# autosmart?



## paddymk5 (Aug 7, 2010)

has anyone got any contact details for an autosmart rep in n ireland?


----------



## CivicTypeR. (Aug 15, 2010)

ye mate his name is stephen pollock very nice fella and tell him your a member on rms and he wil do things as cheap as he can for you. i was talking to him tonight and his van is in getting fixed but he should have it back on the road for wednesday well hopefully as im looking to see him on wednesday , bis number is 07979533360


----------



## paddymk5 (Aug 7, 2010)

thanks mate thats great


----------



## gt-hdi (Jun 6, 2010)

How many reps is there in NI is it just the one or is there a few?


----------



## ClarkeG (Jun 17, 2006)

gt-hdi said:


> How many reps is there in NI is it just the one or is there a few?
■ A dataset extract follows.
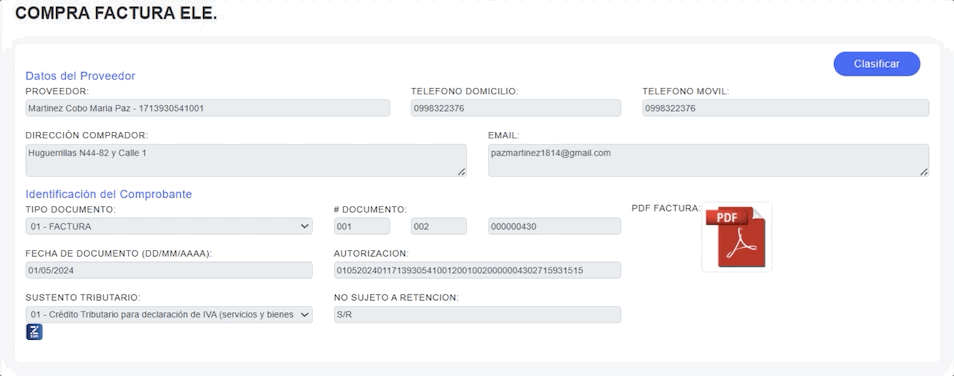 Nota: al reclasificar una factura de compra, si mantienes una retención emitida a esa factura, el sustento ya no es editable; si deseas cambiar el sustento tributario, se deberá anular la retención.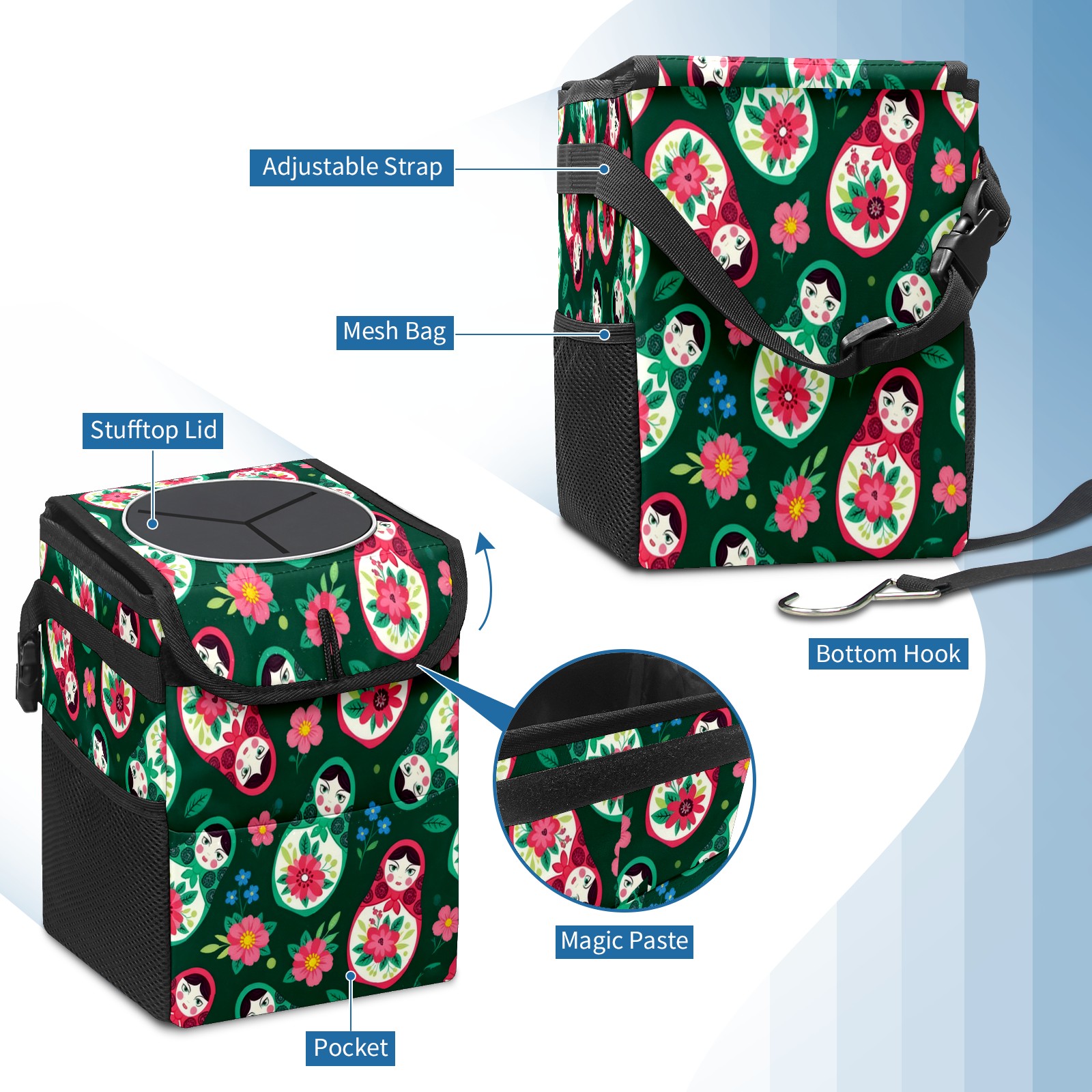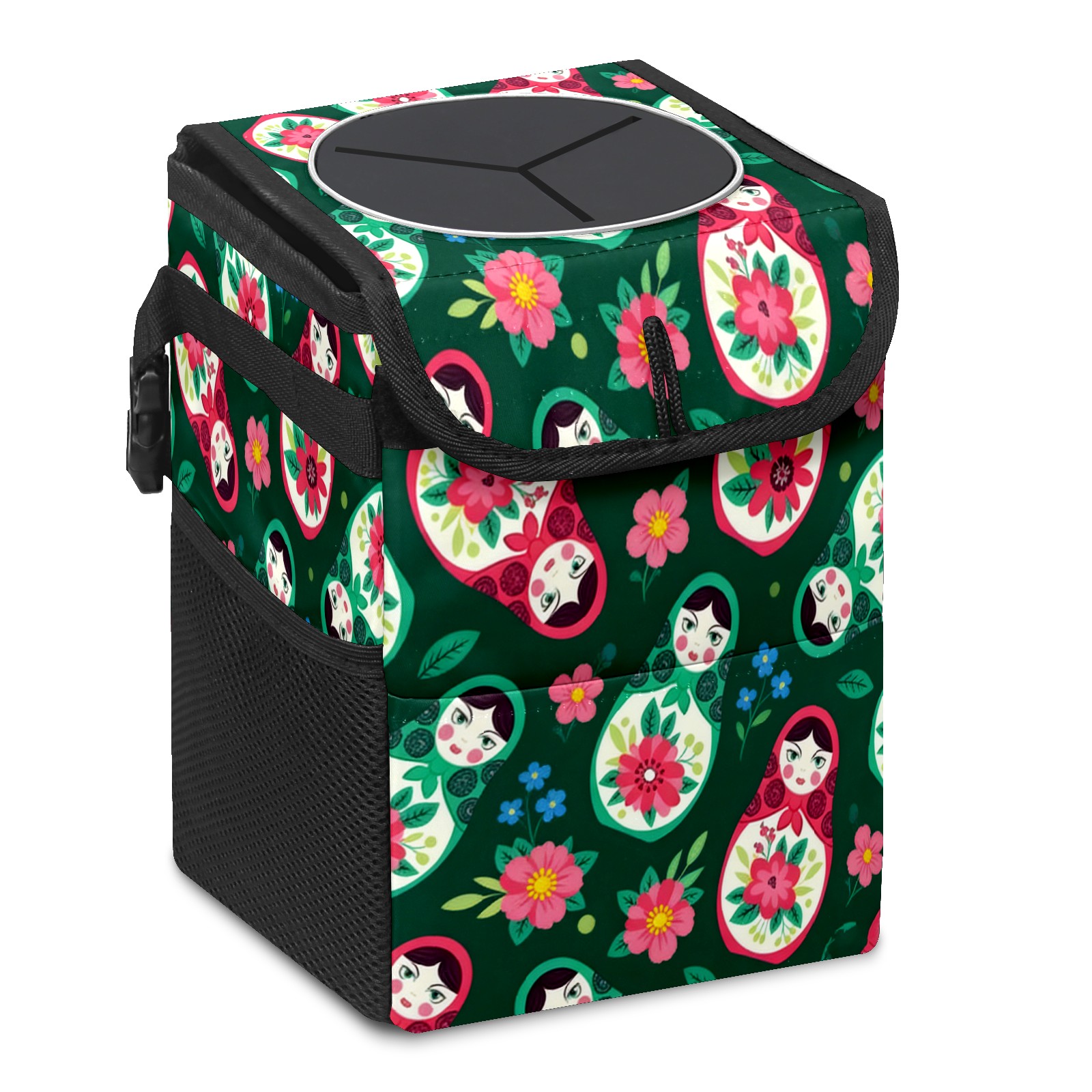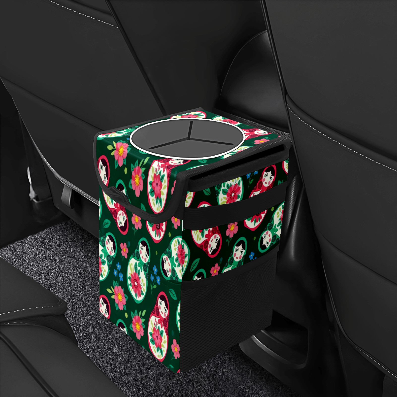 • <p><strong> Keep Your Car Spotless!</strong></p><p>Our small, collapsible car trash can is the ultimate solution for a clutter-free ride. With a secure lid, multiple pockets, and stable hanging design, it's a must-have accessory.</p><p><strong>Key Features</strong></p><ul><li><strong>Odor Control:</strong> Rubber-sealed lid traps smells; works with standard trash bags.</li><li><strong>Extra Storage:</strong> Mesh pockets and front pouch keep essentials handy.</li><li><strong>Secure Fit:</strong> Strap and hooks ensure it stays in place on any surface.</li><li><strong>Space-Saving:</strong> Fold flat when not in use to maximize storage.</li><li><strong>Stylish &amp; Durable:</strong> Full-print twill fabric is built to last.</li></ul><p><strong>Specs</strong></p><p>Size: 24*17*16cm | Material: Twill Weave + Webbing | Care: Hand wash, avoid sun exposure.</p>

Just the one as far as I am aware.

Clarke


----------



## Cookies (Dec 10, 2008)

Hi All,

As far as i know there are a number of Autosmart reps in NI. Stephen Pollard does the south east.

He's an absolute star and a pleasure to deal with. He also charges a reasonable price for his stuff.

Need any details, PM me.

Cheers 

Cookies


----------



## Sue J (Jan 26, 2006)

gt-hdi said:


> How many reps is there in NI is it just the one or is there a few?


There are 3 franchisees covering NI. 
Sue


----------



## paulmc08 (Feb 3, 2009)

Michael Winters cover's the North West (i think)


----------